Summary of Nanodrugs and Nanoimaging Agents
Nanobioconjugates were engineered on a natural biodegradable nanoplatform. The drug/imaging agents are specifically delivered crossing multiple bio-barriers such as the blood-brain barrier and the cancer cell membrane to deliver the anti-cancer drugs to the cytoplasm/nuclei of the tumor cells using a targeting monoclonal antibody or peptides. This controllable unique drug releases tumor growth inhibiting agents specifically into cancer cells without affecting normal surrounding cells.
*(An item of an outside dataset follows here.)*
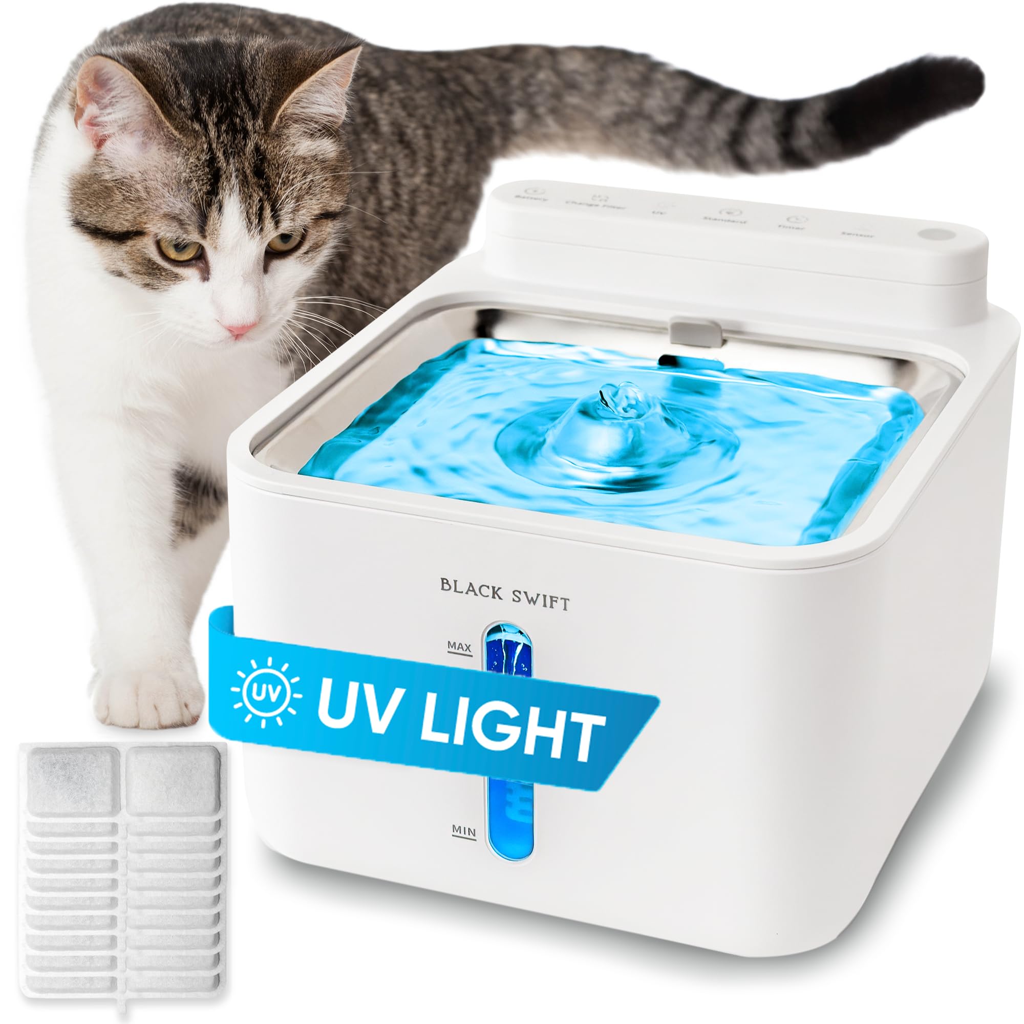Fuente de agua para gatos con luz UV, acero inoxidable, 0.85 galones, sin BPA, fuente de interior para mascotas para gatos y perro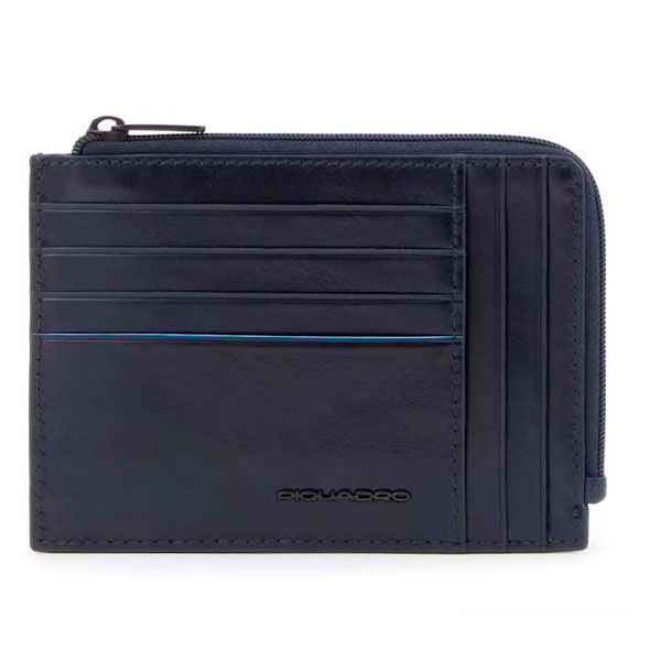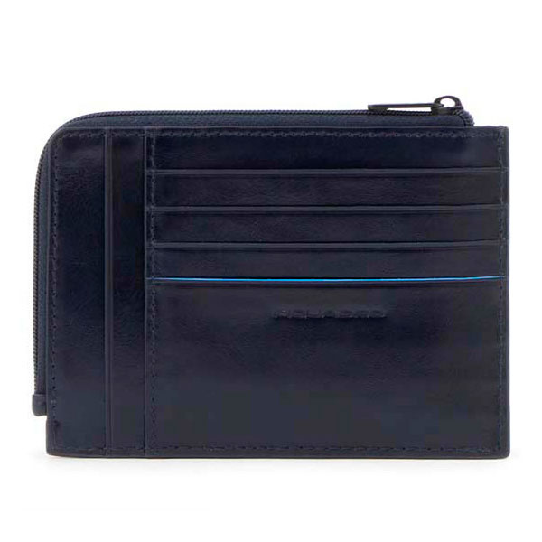 Чехол для кредитных карт с отделением для монет и отсеком для документов от компании Piquadro, коллекция Blue Square Revamp. Натуральная телячья кожа синего цвета. Одно отделение с фирменным голубым кантом. Отделение для монет на молнии. Фирменная упаковка.

Minimal toxicity was demonstrated for nanodrug tumor delivery for temozolomide, platinum drugs and doxorubicin.
MRI virtual biopsy for brain lesions is used when it is impossible to obtain brain tissue for diagnosis
Cross-talk between CK2 and EGFR/EGFRvIII pathways
The active drug component blocks several cancer-specific tumor markers at the same time for multiple tumors: EGFR/EGFRvIII-wild/mutated epidermal growth factor receptor, CK2, a master signaling regulator serine-threonine protein kinase, and HER2/neu. A significant survival increase has been shown in tumor-bearing animals (preclinical data) after drug administration. Using this technology, it is possible to block a combination of several unique markers for each patient at the same time, providing a synergistic effect.
The Ljubimova Laboratory has also broken new ground with the discovery of cancer biomarkers to prevent growth and metastasis of brain, breast and lung cancers. For the first time, the team has developed nanomedicine technology to inhibit the synthesis of cancer-specific extracellular matrix protein, laminin-411, and to engineer a novel drug delivery system to reduce gliomas in the brain in vivo. An ongoing clinical trial has evaluated approximately 300 patients for laminin-411 as a glial tumor biomarker, confirming its role as a potential target for cancer treatment.